Entre los economistas que criticaron la decisión anunciada por el presidente del Banco Central, Santiago Bausili, se destacó Roberto Cachanosky, quien se preguntó “desde cuándo el tipo de cambio se fija en base a la evolución del IPC”.

Por el contrario, subrayó que “el tipo de cambio deber ser libre, no regulado, al menos en una economía que se dice liberal”.

Mucho más crítico fue el director de la consultora Economía & Ética, Diego Giacomini, quien dijo que Bausili y el director de la autoridad monetaria, Federico Furiase, son “los más anti austríacos que se puede conseguir” y que “el anuncio del BCRA es todo lo contrario a lo que Javier Milei siempre pensó en materia de política monetaria y desinflacionaria potencialmente exitosa en el mediano y largo plazo, que es lo que le importa a un gobierno cuyo principal objetivo es bajar la inflación”.

 

“Los mandriles venimos anticipando cada movida”, remarcó el director de Gorostiaga Bursátil, Marcelo Trovato, en respuesta a los funcionarios que desechaban las críticas al esquema que el Banco Central acaba de cambiar.

En ese sentido, celebró que “más tarde que temprano (ideal sería al revés) finalmente asuman los errores y se bajen del pony”, al implementar un régimen que definió como “crawling peg pero con otro nombre”.

 

Desde la heterodoxia

 

Desde una perspectiva heterodoxa, el economista Sergio Chouza entendió que la medida “va en el sentido correcto, pero es insuficiente”, ya que “el tipo de cambio se atrasó demasiado” y no alcanzará el ajuste por inflación para llegar a un nivel de equilibrio.

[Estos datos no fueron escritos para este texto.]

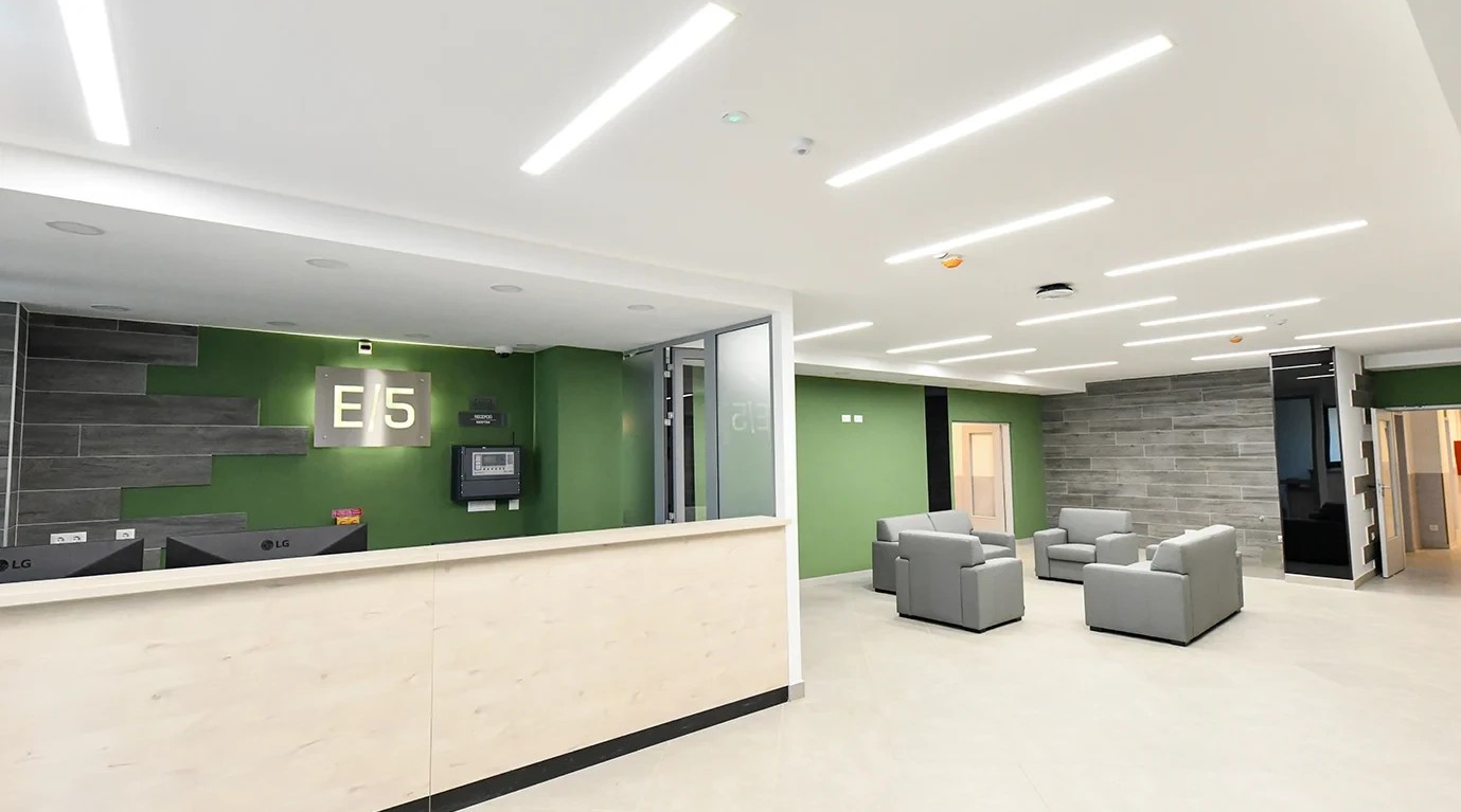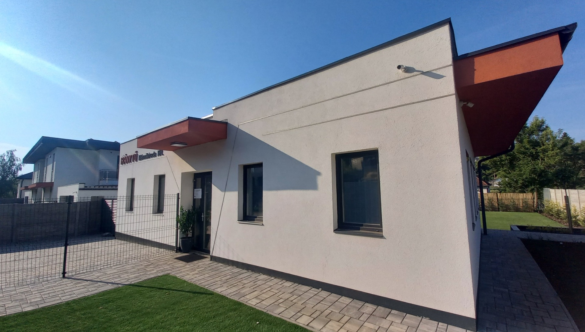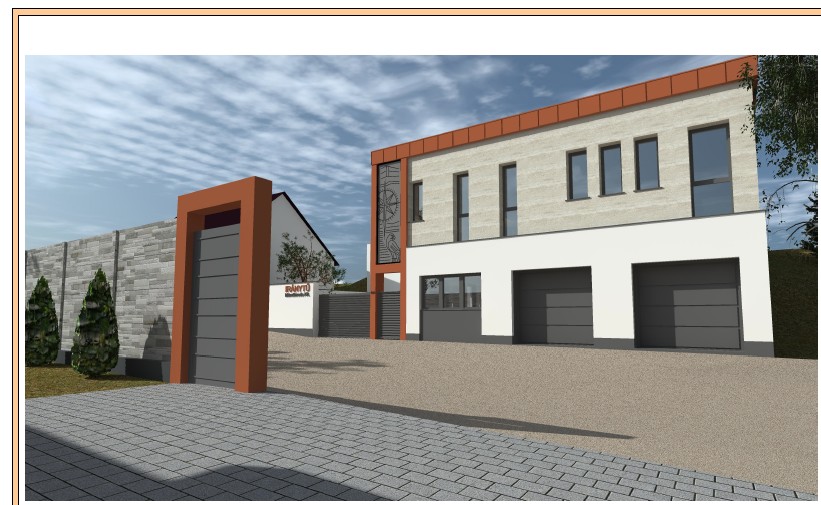 Tervezett iroda épületünk, a Sólyom utcai új telephelyen kerül megvalósításra. Az új építésű, korszerű, földszintes kialakításaú 100 m2-es iroda épületben, elegáns fogadó helyiség, dolgozói tér és azt kiszolgáló helyiségek lesznek kialakítva.

“Esta medida les compra tiempo, pero el esquema sigue siendo insostenible”, remató.

 

Por último, la directora del Centro de Economía Política Argentina (CEPA), Julia Strada, el gobierno “cedió a la demanda del mercado”, luego del “flojo resultado de la licitación” del Bonar 2029.

“El plan parece ser encaminarse a una licitación en moneda extranjera antes de los vencimientos de enero”, concluyó.